The poll found that 81% of fund managers see defaults picking up in the next 12 months, compared with 80% in the survey last December, as reduced bank liquidity and credit risk concerns land on top of macroeconomic issues. For North American corporates, 86% of respondents see defaults rising, while 91% see defaults rising in Europe.
“Our members have expected to see the impact of rising interest rates for some time and we’re beginning to see more credit stress and defaults in corporate borrowers now,” Som-lok Leung, IACPM’s executive director, wrote in a statement. “Unfortunately, this could take some time to work its way through the system.”
Survey respondents are also predicting a recession in the US, with 84% expecting one to occur sometime this year. That’s higher than the 61% of participants who see a recession this year in Europe and the UK.
Credit spreads are expected to move higher, with almost 60% of participants seeing North American credit spreads widening over the next three months and 80% of participants forecasting high-yield spreads rising.

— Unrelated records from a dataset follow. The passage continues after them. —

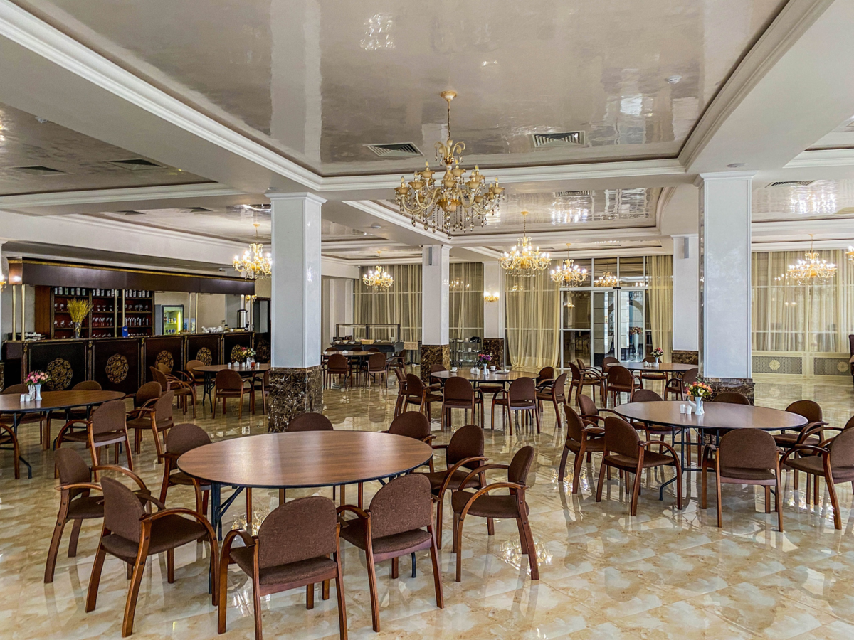 Номер мой находился на четвёртом этаже, кафе же было на первом. Так как я любитель утром поспать подольше, на завтрак я попал уже ближе к 10 часам. И в это время в кафе уже никого не было.
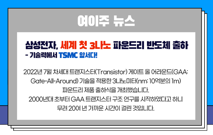이에 반도체 업체는 첨단 공정기술을 지속적으로 개발하고 미래 반도체 기술 확보를 위한 노력을 지속하고 있는 것입니다. 다음은 업계 최초로 '게이트 올 어라운드'(Gate-All-Around) 구조의 3나노미터 초미세 공정 양산에 돌입한 삼성전자의 뉴스입니다.
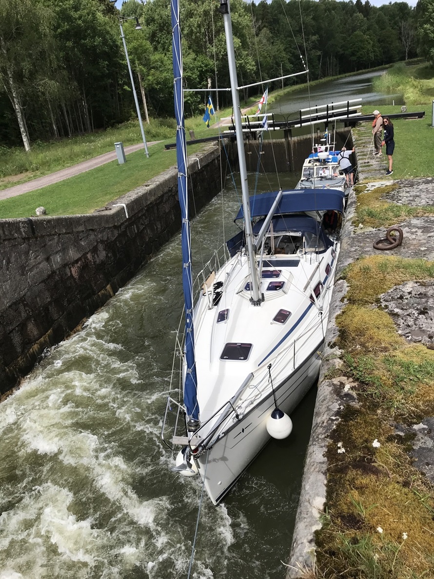 Das war nach 192 Schleusen auf dem Weg vom Mittelmeer an die Ostsee nicht der Hauptgrund für unseren Törn. Aber von einer Seite Schwedens an die andere quer durchs Land zufahren, war schon ein Highlite. Wir haben viel gesehen und viel erlebt. Die Landschaft, durch die wir fuhren, war oft atemberaubend. Die Schleusentreppen in Berg sind gewaltiger, als die auf dem Vogesenkanal. Überhaupt war der Götakanal in puncto Pflege und Service nicht mit den französischen Kanälen vergleichbar. Alles perfekt, die Jungs und Mädels an den Schleusen immer hilfreich und freundlich und man konnte sich mit ihnen in englisch verständigen. Natürlich gab es nie Tiefgangprobleme. Vielleicht war das alles der Grund dafür, dass wir die Reise entspannt und erholsam empfunden haben.
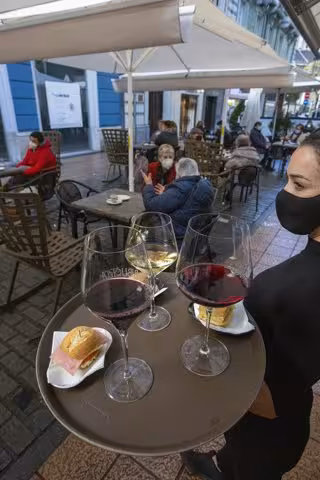 Una camarera se dispone a servir en una terraza de un restaurante de Avilés, Asturias (España), a 14 de diciembre de 2020. - Jorge Peteiro - Europa Press
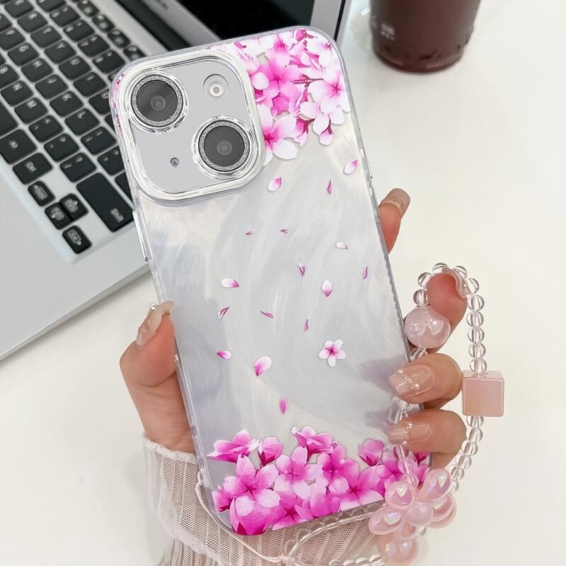 For iPhone 15 Electroplating Flowers Plants Texture Wristband TPU Phone Case(Sakura FL12)
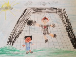 Am ersten Tag haben wir die Trainer kennengelernt. Die waren alle sehr nett. Das Elfmeterschießen fanden alle Kinder gut. Wir haben auch gemessen, wie kräftig wir schießen können. Am dritten Tag haben wir ein Turnier gemacht. Es war sehr schön beim Fußball. (Text u. Bild von Miche, Klasse 2a)
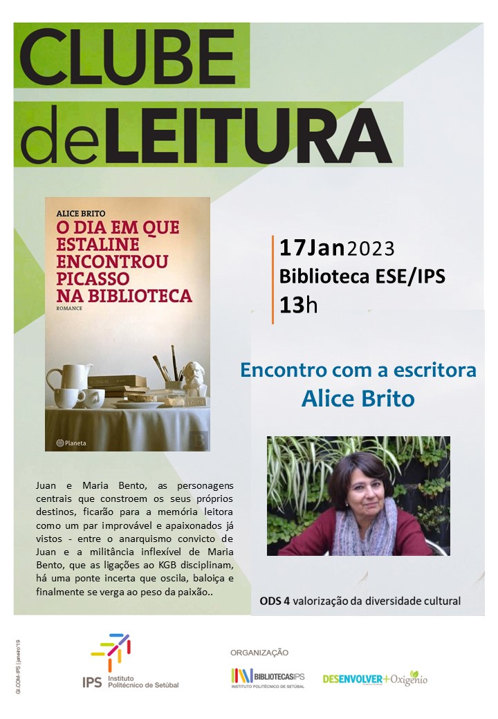 A próxima sessão do Clube de Leitura na SDI/Biblioteca da ESE será sobre o livro "O dia em que Estaline encontrou Picasso na Biblioteca" de Alice Brito. A autora estará presente no Clube de Leitura, no dia 17 de janeiro, entre as 13h e as 14h.
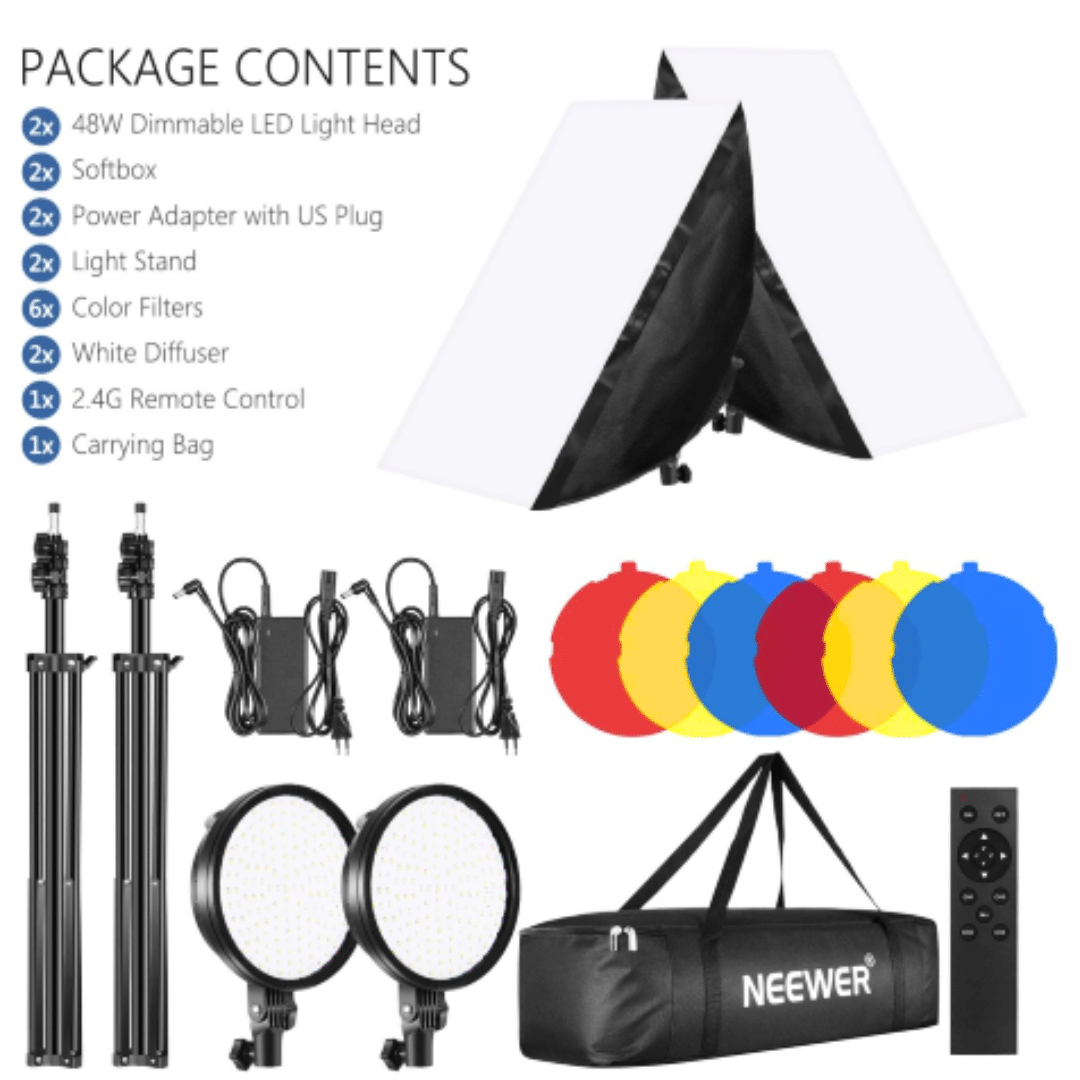 El Kit de Iluminacion Neewer NW48 II sirve para proporcionar iluminación continua, difusa y ajustable en estudios de fotografía y video, ideal para retratos, vlogs, transmisiones en vivo y productos. Incluye softbox, soportes y control remoto 2.4G para lograr una iluminación profesional y suave, sin parpadeos.
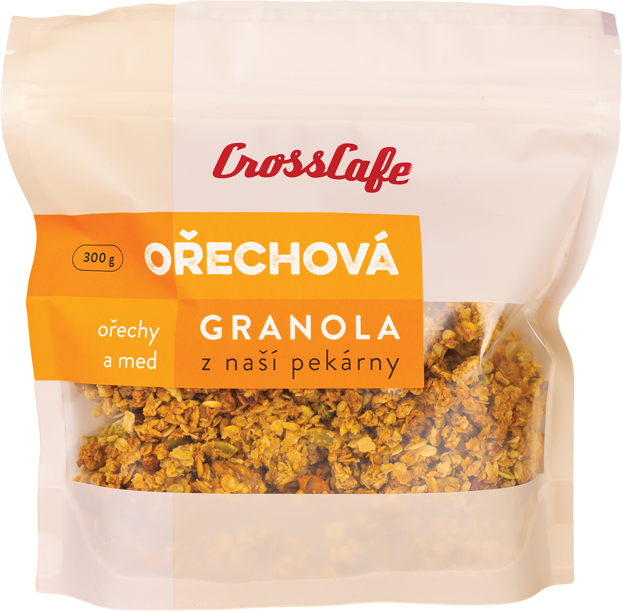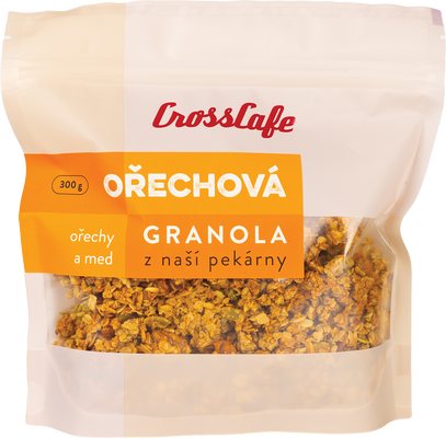 Křupavé ovesné vločky zapékané s medem, vlašskými a pekanovými ořechy, máslem, kokosovými lupínky, slunečnicovými a dýňovými semínky. Vše dochucené javorovým sirupem a skořicí. Granoly vyrábí v CrossCafe podle receptur kreativního šéfkuchaře CrossCafe Luboše Martínka.
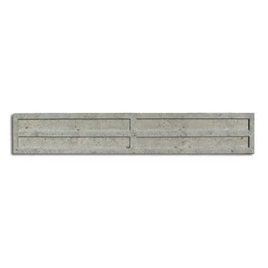 6" concrete gravel board with a recessed face. These boards are designed for use in fencing applications to prevent rot at the base of the fence panel.
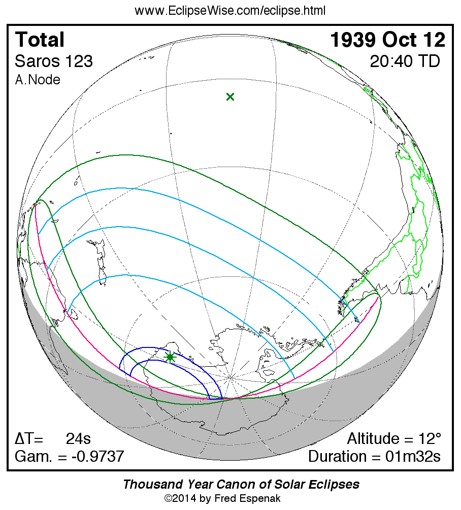 - Orthographic Map: Total Solar Eclipse of 1939 Oct 12 - detailed map of eclipse visibility
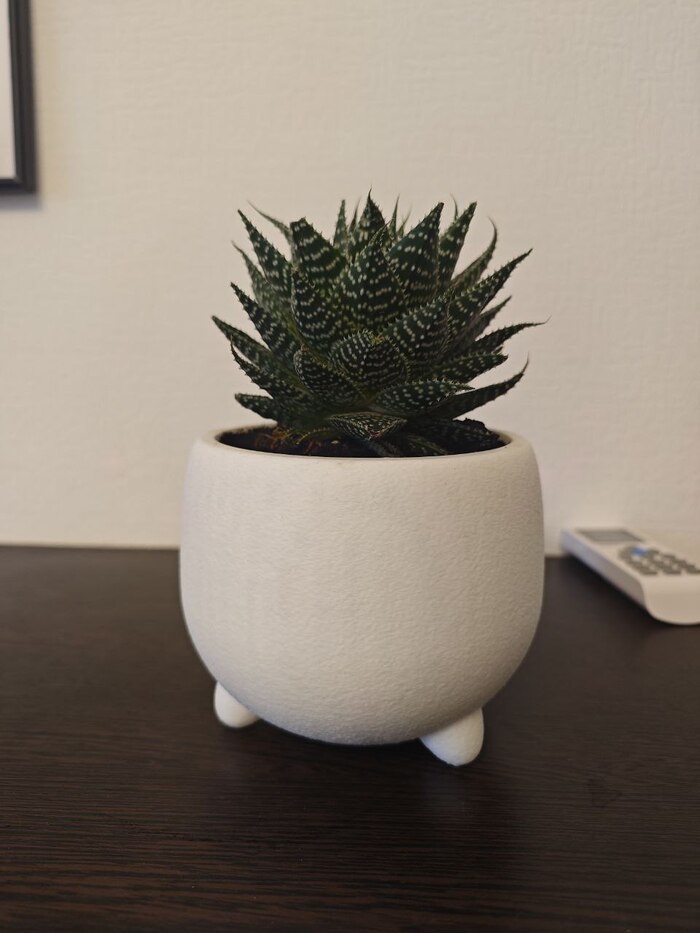 На новый год мне подарили алоэ остистое (Aloe aristata) и я решил что такому суккуленту нужно особенное кашпо. Пока висел в онлайн-чате друзьями играющими в Warhammer, замоделил такой горшочек. Контраст межу тяжелой формой и маленькими ножками, поднимающими конструкцию над поверхностью, придал живости конструкции.
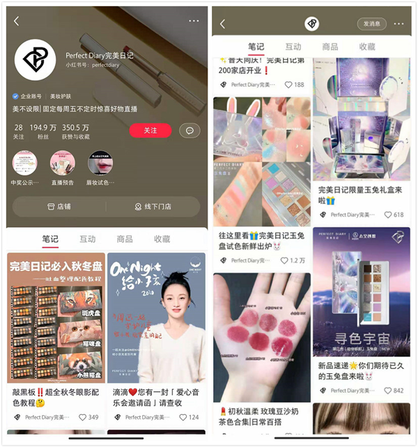 截止目前,完美日记在小红书相关笔记超过30万篇,粉丝量195万,获赞与收藏次数超过350万。
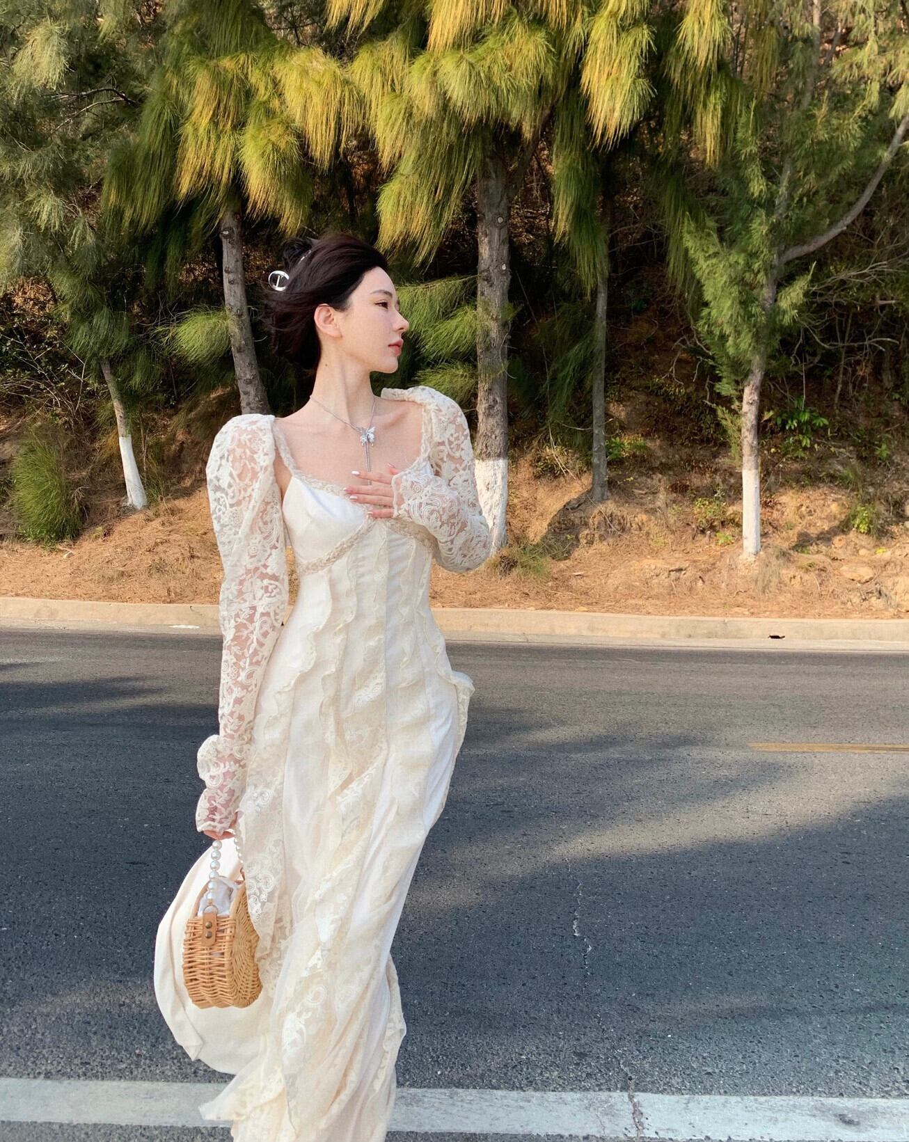 色:長袖日焼け止めブラウス,Vネックストラップレースドレス
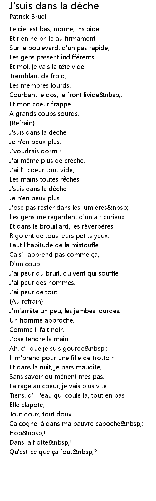 | J' suis dans la dè che. | |
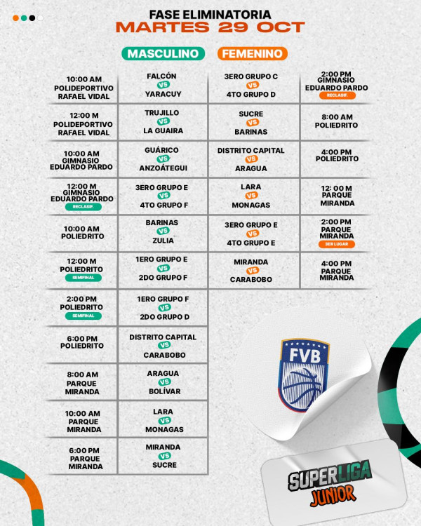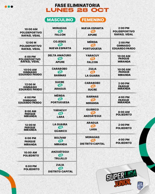Para este lunes 28 de octubre, se programan dos partidos clave: la selección masculina de Apure competirá contra Delta Amacuro a las 4:00 PM en el Polideportivo Rafael Vidal, mientras que el equipo femenino se medirá ante Nueva Esparta a las 2:00 PM en la misma sede.

* Survey data provided by IACPM
IACPM survey participants see certain industries like health care, medium-sized tech companies and defense manufacturers facing tough times in the current environment. Commercial real estate was also cited, given work-from-home trends lowering office occupancy rates and property owners having to refinance in a higher interest rate environment.
The IACPM is composed of more than 130 financial institutions across 30 countries and its members include portfolio managers at commercial banks, investment banks and asset managers, the organization said on its website.